Chanel and Richemont are highly complementary, with dovetailing strengths and weaknesses in the most relevant product categories: Chanel is a master of soft luxury and beauty, Richemont is a master of hard luxury and soft luxury digital retail. A Chanel and Richemont merger would be an astounding equity story, prized by investors. In fact, this would create the second largest group in the luxury goods industry overnight, offering a solid alternative to long-term investors, who are now all virtually focused on LVMH. Such a tie-up would also unlock material value.
A Chanel and Richemont merger would be an astounding equity story, prized by investors.

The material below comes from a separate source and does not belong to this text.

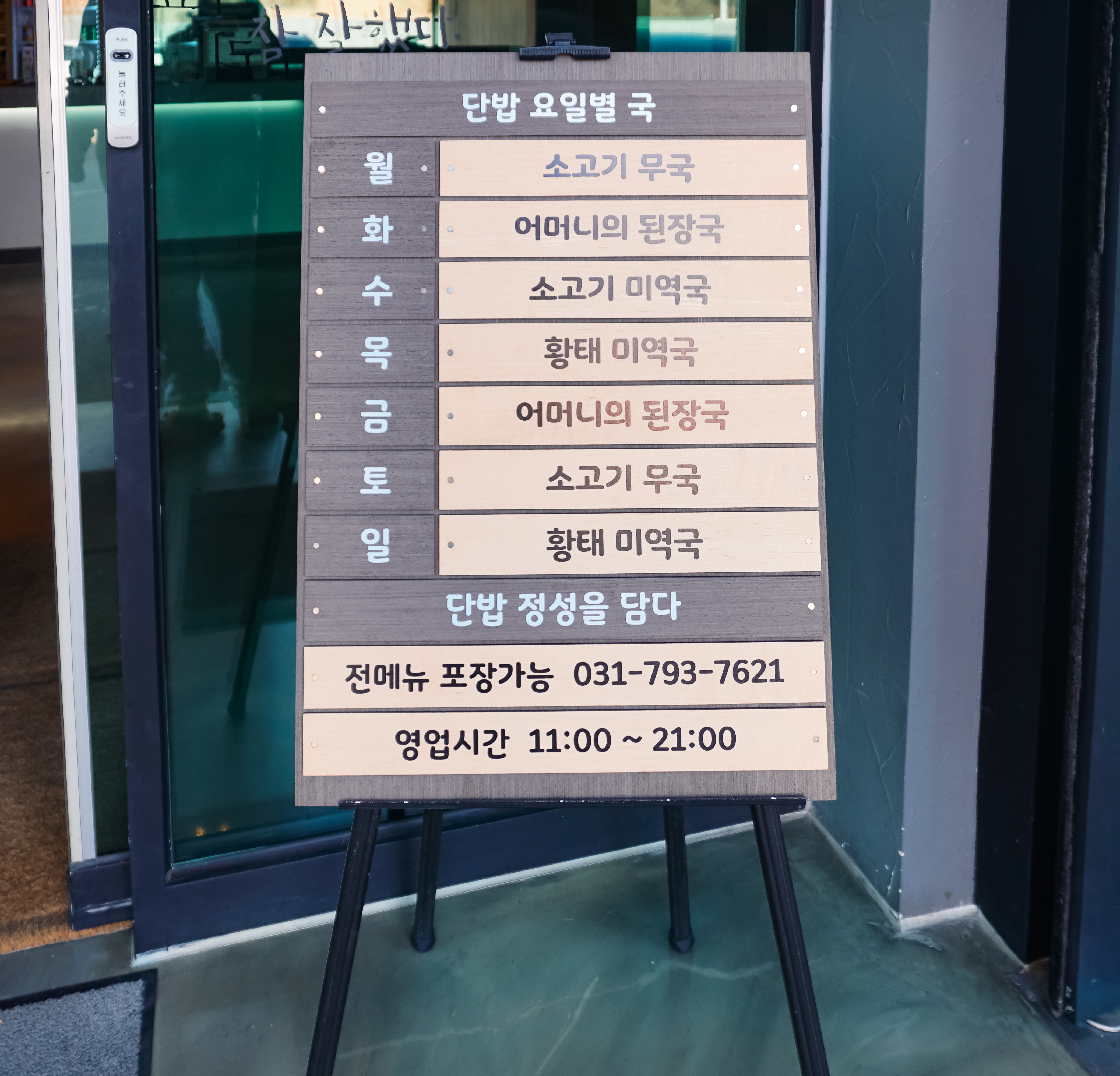 단밥은 경기 하남시 창우동 37-2 에 위치한 한식집입니다. 한상차림이 나오는 한정식집보다는 한식집이라는 표현이 맞을 것 같고요. 정갈하게 1인분씩 반찬을 내어주는 가게로 만족도가 높은 가게였습니다. 주차공간은 꽤 여유 있는 편이었고, 주로 가족단위 식사를 위해 방문하는 것을 확인할 수 있었습니다. 가게에는 요일별로 뭇국, 미역국, 된장국을 제공하고 있었고, 제가 방문한 요일에는 황태 미역국과 식사를 제공하고 있었습니다.

Richemont is vastly undervalued in our sum-of-the-parts valuation (SOTP). But, on its current trajectory, it is gaining no friends and actually risks sliding to pariah status: its return on invested capital (ROIC) performance in the past ten years has been disappointing. Chairman Johann Rupert is known to be a savvy financial investor and it is difficult to imagine that this problem is not on his radar screen. Transformative M&A, such as a merger with Chanel, would go a long way to address this. Industry sources report that the Wertheimer brothers, who own Chanel, see €100 billion as a fair valuation for Chanel. This would be in line with the current enterprise value-to-sales multiple of Hermès. Maybe an IPO would provide this some years from now, assuming Chanel was able to emulate its Parisian peer on profit performance, too, which is no small feat. A transformative market entry would likely provide a shortcut to a punchy valuation.
A Merger With Kering
Kering has done a lot to deserve higher credit in the industry. In recent years, the company has divested its general retail assets — as well as Puma — to become a luxury goods pure play, which we always believed was the best way to create shareholder value. Kering has also been able to take most of its soft luxury brands to unprecedented heights: Gucci, Bottega Veneta, Saint Laurent and Balenciaga now offer something of a “Kering template” to revivals.

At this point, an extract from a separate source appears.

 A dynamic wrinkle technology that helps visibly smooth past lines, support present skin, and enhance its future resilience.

And yet, now, as before, the most important hurdle to this scenario is ego and controlling shareholders. Back when we published a report suggesting a Richemont-Kering tie-up, the feedback we received from Richemont at the highest level was that the company regretted not having bought Gucci from Maurizio himself when they could have done so on the cheap. With Kering now valued almost ten times what it was worth back then (and Richemont only four times), the gap between the two has become even more pronounced. One of the key issues would be how to reward the voting rights majority held by the Rupert family in a way that could be both attractive for the Ruperts and acceptable for public shareholders.
Luca Solca is head of luxury goods research at Bernstein.